Park in Walworth, London

Nursery Row Park is a park in Walworth, London. It is located between Brandon, Stead and Orb Streets, and the East Street Market. It is in the London Borough of Southwark.

==History==
The early history of the park is complicated, and difficult to establish with certainty. Walworth had been market gardens (hence ‘Nursery Row’), but was heavily built out for residential use in the 19th century. Until the 1980s, there was a commemorative fountain in the park. The inscription on that fountain (now lost) stated that the park was planned in 1885, making use of a grant from Lewis Isaacs, MP for the Walworth division of Newington.

However, there are also records which indicate that the site was acquired in 1897, with funding provided by James Bailey, by then the MP for Walworth, the London County Council and the Vestry of St Mary Newington. The park was then planted and laid out by the Metropolitan Public Gardens Association; some of the London plane trees which were planted by the MPGA still survive. That initial park was called the East Street Recreation Ground, although by the 1970s it was known informally as the Old Swing Park.

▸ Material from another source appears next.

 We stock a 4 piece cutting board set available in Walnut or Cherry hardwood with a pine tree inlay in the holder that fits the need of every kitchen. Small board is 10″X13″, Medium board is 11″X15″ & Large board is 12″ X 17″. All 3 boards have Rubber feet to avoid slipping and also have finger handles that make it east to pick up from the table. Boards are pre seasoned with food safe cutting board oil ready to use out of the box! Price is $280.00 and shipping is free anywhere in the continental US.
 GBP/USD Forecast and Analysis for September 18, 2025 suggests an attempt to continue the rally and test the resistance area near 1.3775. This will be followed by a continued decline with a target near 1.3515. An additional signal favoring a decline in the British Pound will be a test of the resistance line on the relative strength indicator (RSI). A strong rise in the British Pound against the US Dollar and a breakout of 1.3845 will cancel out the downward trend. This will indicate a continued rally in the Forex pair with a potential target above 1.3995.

In 1980 the park was extended following the demolition of tenements and terraces on Blendon Row, Eltham Street and Nursery Row, and then renamed after the latter street.

Part of the park was zoned for housing in the 2004 Southwark Local Plan. These plans were cancelled in 2010.

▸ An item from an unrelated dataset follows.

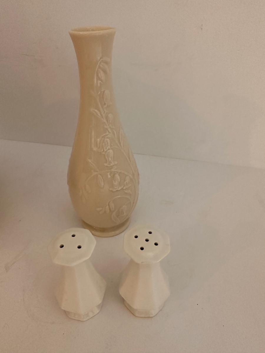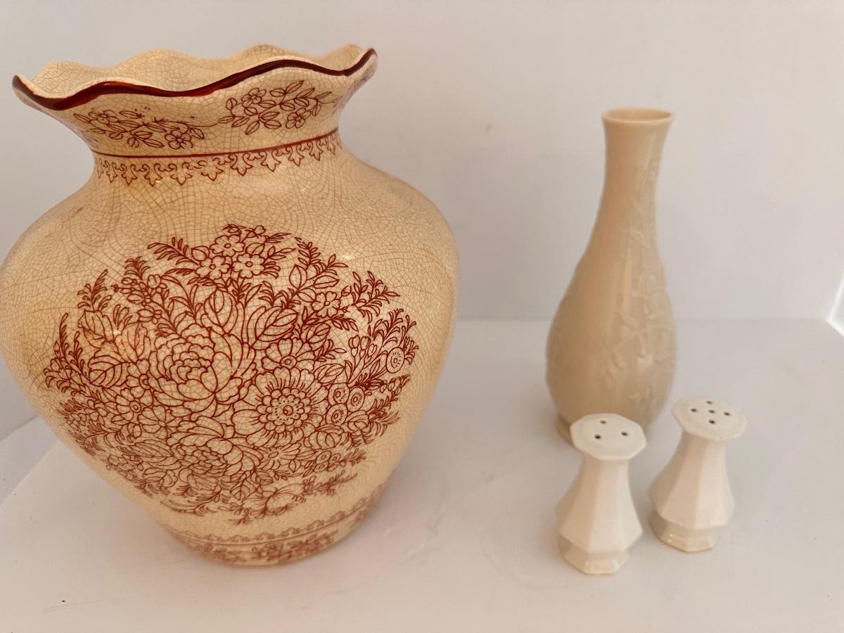 Vintage Glassware Lot Includes Crackled Vase, Leonx Vase, Salt and Pepper Set As Pictured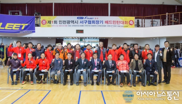 2일 서구 인재개발원 체육관에서 제1회 서구협회장기 배드민턴대회가 열린 가운데 내 외빈이 참석해 배드민턴 관계자들과 기념 촬영을 하고 있다.(사진제공=서구청) 지난 2일 서구 인재개발원 체육관에서 ‘제1회 서구협회장기 배드민턴대회’(협회장 나종수)가 열렸다. 서구배드민... 2017-04-03

The park was renovated in 2006-07, when a meadow and central hill were introduced. The latter hides contaminated rubble. The renovation was undertaken by Farrer Huxley Associates architects and Anna French Associates landscape architects.
The park includes two playground areas, a community orchard and a wildflower meadow.

==Conservation==
The park has been protected as a Field in Trust since 2013.

There are no listed structures in the park.

==Friends of Nursery Row Park==
There is a Friends of Nursery Row Park organisation, established in 2007. In 2017 the Friends were incorporated as a Community interest company.